• What is expected
After locating the line with "SAFTA PREESCOAR FLEURS", set down that line and all the lines that follow it, unchanged, to the end of the records; omit the pictures.

• Task inputs
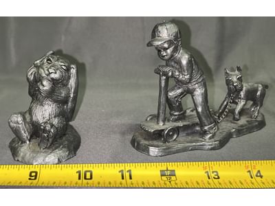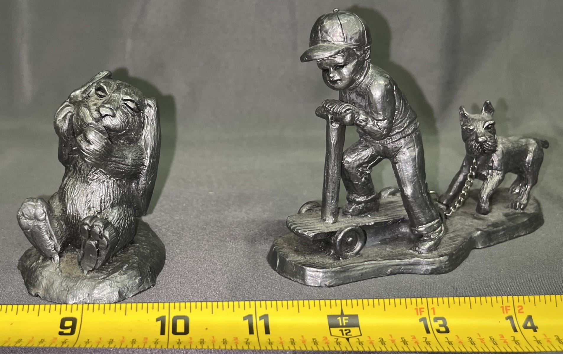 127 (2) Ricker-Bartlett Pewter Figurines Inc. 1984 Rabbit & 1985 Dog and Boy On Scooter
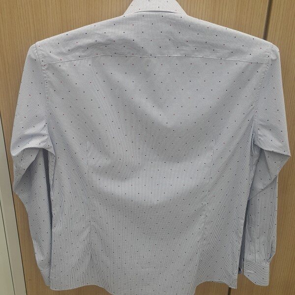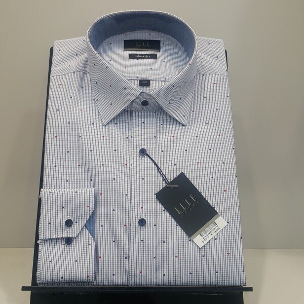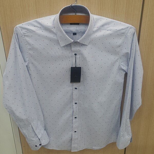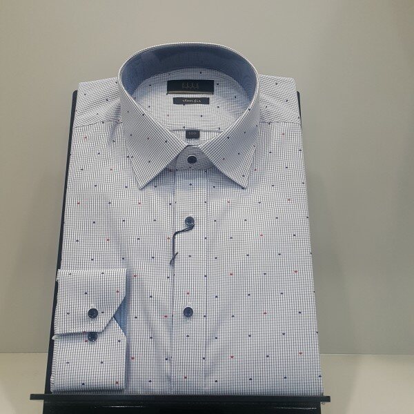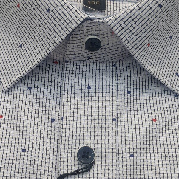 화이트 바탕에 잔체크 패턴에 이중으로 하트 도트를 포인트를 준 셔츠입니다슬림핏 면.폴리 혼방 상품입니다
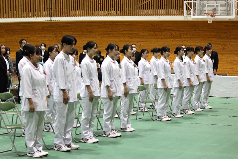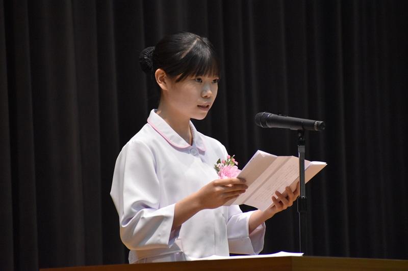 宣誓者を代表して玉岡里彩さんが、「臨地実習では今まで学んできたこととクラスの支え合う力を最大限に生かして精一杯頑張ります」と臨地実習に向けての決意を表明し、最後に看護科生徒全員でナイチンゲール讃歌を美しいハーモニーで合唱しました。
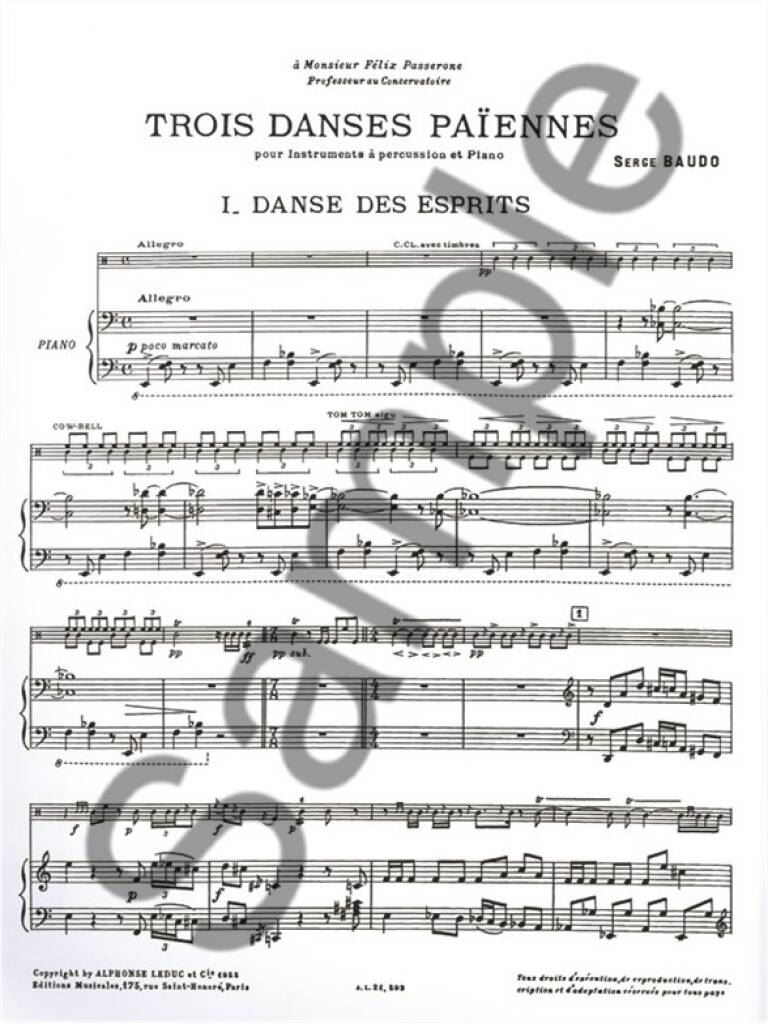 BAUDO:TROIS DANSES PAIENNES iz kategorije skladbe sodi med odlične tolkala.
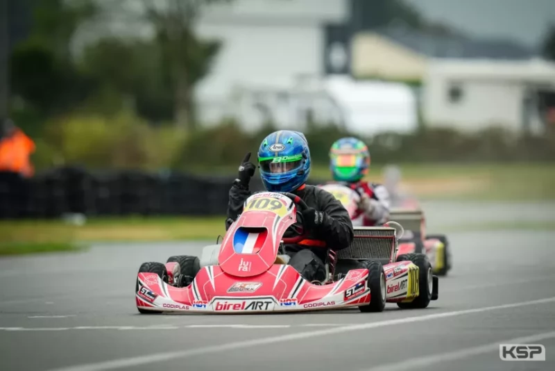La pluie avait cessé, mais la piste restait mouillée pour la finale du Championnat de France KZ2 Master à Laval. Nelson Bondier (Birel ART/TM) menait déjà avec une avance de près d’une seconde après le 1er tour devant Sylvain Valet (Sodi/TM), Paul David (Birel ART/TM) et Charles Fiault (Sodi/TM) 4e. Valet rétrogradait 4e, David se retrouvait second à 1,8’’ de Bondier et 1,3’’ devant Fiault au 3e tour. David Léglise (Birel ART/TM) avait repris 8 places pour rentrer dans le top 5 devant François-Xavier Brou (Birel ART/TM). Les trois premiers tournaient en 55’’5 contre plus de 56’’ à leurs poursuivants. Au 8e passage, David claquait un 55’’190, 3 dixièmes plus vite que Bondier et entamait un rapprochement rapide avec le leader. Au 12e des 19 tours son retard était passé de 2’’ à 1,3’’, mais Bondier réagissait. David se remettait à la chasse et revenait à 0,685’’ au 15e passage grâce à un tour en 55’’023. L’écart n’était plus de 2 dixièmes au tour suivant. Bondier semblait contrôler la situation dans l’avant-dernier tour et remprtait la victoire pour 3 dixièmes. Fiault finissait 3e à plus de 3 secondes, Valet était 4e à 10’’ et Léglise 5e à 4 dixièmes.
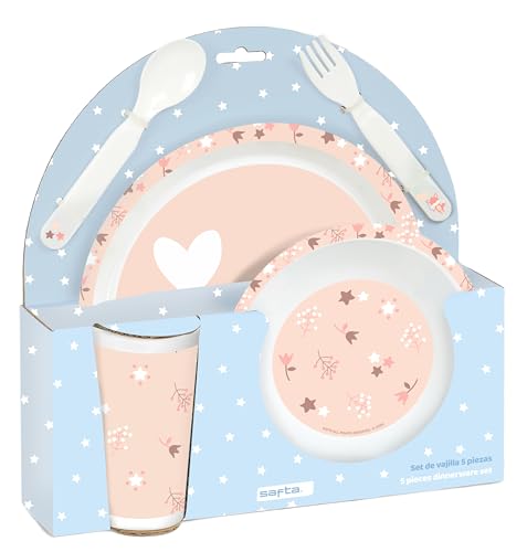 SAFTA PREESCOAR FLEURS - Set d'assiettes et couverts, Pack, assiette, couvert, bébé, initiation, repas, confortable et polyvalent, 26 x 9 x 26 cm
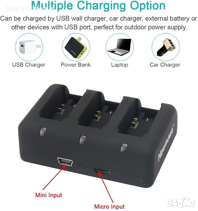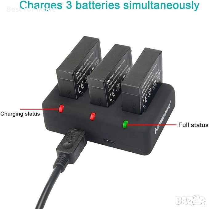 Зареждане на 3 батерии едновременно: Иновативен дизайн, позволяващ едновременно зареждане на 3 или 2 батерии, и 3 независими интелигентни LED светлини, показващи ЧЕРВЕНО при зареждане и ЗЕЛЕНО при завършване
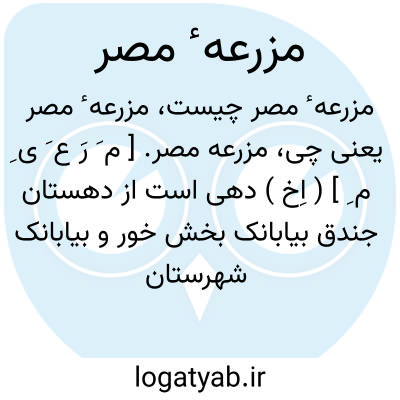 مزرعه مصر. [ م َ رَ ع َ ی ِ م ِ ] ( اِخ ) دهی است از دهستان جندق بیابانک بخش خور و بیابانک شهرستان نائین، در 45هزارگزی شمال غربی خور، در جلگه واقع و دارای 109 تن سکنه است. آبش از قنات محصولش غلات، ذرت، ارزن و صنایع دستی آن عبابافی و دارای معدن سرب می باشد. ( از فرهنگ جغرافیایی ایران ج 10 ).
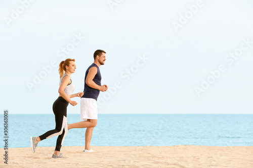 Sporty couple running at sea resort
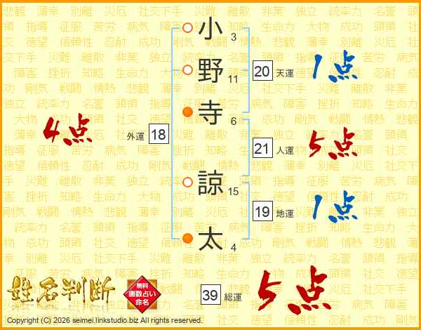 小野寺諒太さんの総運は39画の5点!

• Output for this exercise
 SAFTA PREESCOAR FLEURS - Set d'assiettes et couverts, Pack, assiette, couvert, bébé, initiation, repas, confortable et polyvalent, 26 x 9 x 26 cm
 Зареждане на 3 батерии едновременно: Иновативен дизайн, позволяващ едновременно зареждане на 3 или 2 батерии, и 3 независими интелигентни LED светлини, показващи ЧЕРВЕНО при зареждане и ЗЕЛЕНО при завършване
 مزرعه مصر. [ م َ رَ ع َ ی ِ م ِ ] ( اِخ ) دهی است از دهستان جندق بیابانک بخش خور و بیابانک شهرستان نائین، در 45هزارگزی شمال غربی خور، در جلگه واقع و دارای 109 تن سکنه است. آبش از قنات محصولش غلات، ذرت، ارزن و صنایع دستی آن عبابافی و دارای معدن سرب می باشد. ( از فرهنگ جغرافیایی ایران ج 10 ).
 Sporty couple running at sea resort
 小野寺諒太さんの総運は39画の5点!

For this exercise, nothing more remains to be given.